Everyone’s been so kind, asking how Mom is doing. She is doing as well as you might expect. Spend 57 years married to someone, even though caring for him the last few years took up nearly all of her time and energy, even though at the end his dementia made him agitated and angry and often hard to be around, even though all of those things, when that person is no longer there, they leave an enormous void. It takes a fair bit of time to figure out how to fill that void.
It takes some time to figure out who you are when you were someone’s wife and now you are someone’s widow.
I look at all of the things Mom did for Dad, especially in the last months of his life, and then I look at SG, and I hope like hell he will be happy in a care facility.
I’m kidding. I’m sure he will like the candy striper I hire to change his pants and help him with the shower.
I don’t know, maybe it is inappropriate to joke about these things, but you know Dad always injected humor into even the most awful of situations, and so it is something of a reflex.

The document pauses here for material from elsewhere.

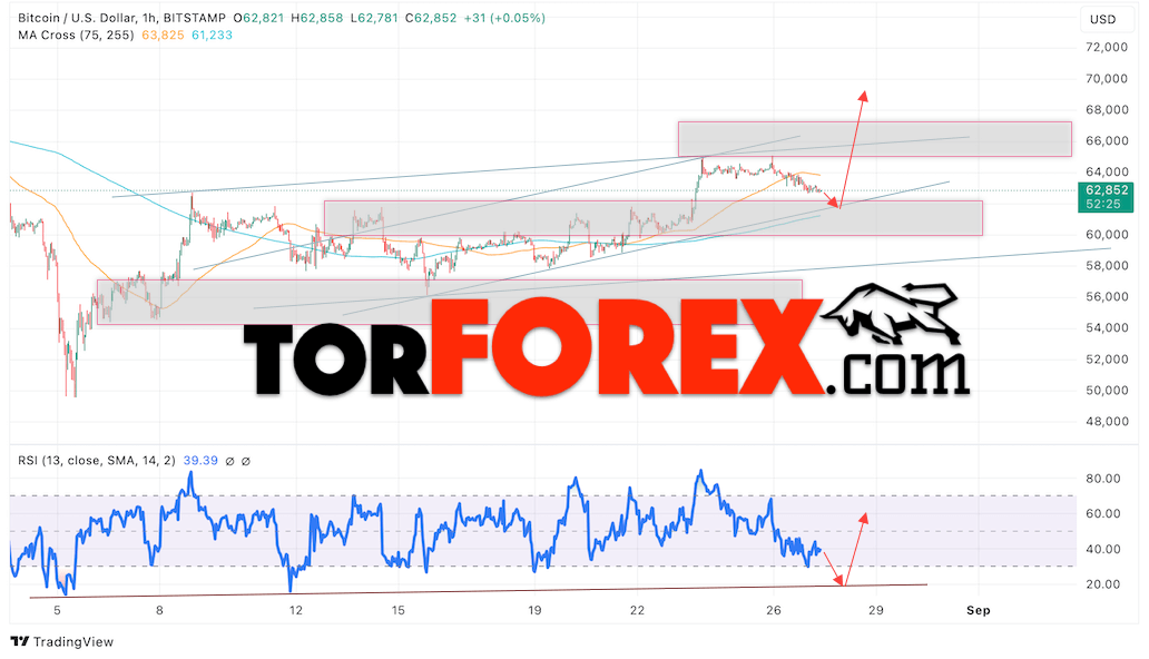 BTC/USD прогноз курса Биткоина на 28 августа 2024

I get in trouble a lot for injecting humor at inappropriate times, so I suppose you could say I got my inheritance early.
It is not a light thing, even though it was expected, to lose a father like mine. He was bigger than life, bigger than mountains to me. He was often very difficult to absorb, he could be extremely difficult and temperamental and he had little tolerance for your feelings. He was also wickedly funny and had the biggest, best laugh. He loved his family more than anything and I have so many wonderful memories from my growing years. Dad gave me the gift of his time and attention, over and over again. He wasn’t just teaching me how to change the oil, steer out of a spin on ice, hitch up the horse trailer and back up my rig. He was giving me the best of himself. We bonded over horses and sports. He never missed a basketball game, not once that I can remember, though I would have appreciated him not telling me to jump higher so often. (I'm TALL, Dad, I don't HAVE to.)
He was in hospice for the last month, first with a home care team and then, at the end, at Hospice House. They were wonderful. His propensity to drop the F bomb on a regular basis (also my inheritance, apparently) didn't faze them one bit.
He lived a good, long life. He loved and he was loved. He was boundless. We will miss him, and come spring we will take his ashes to the salt water and we will raise a glass (or three) in his honor and we will tell stories. Some of them will even be true.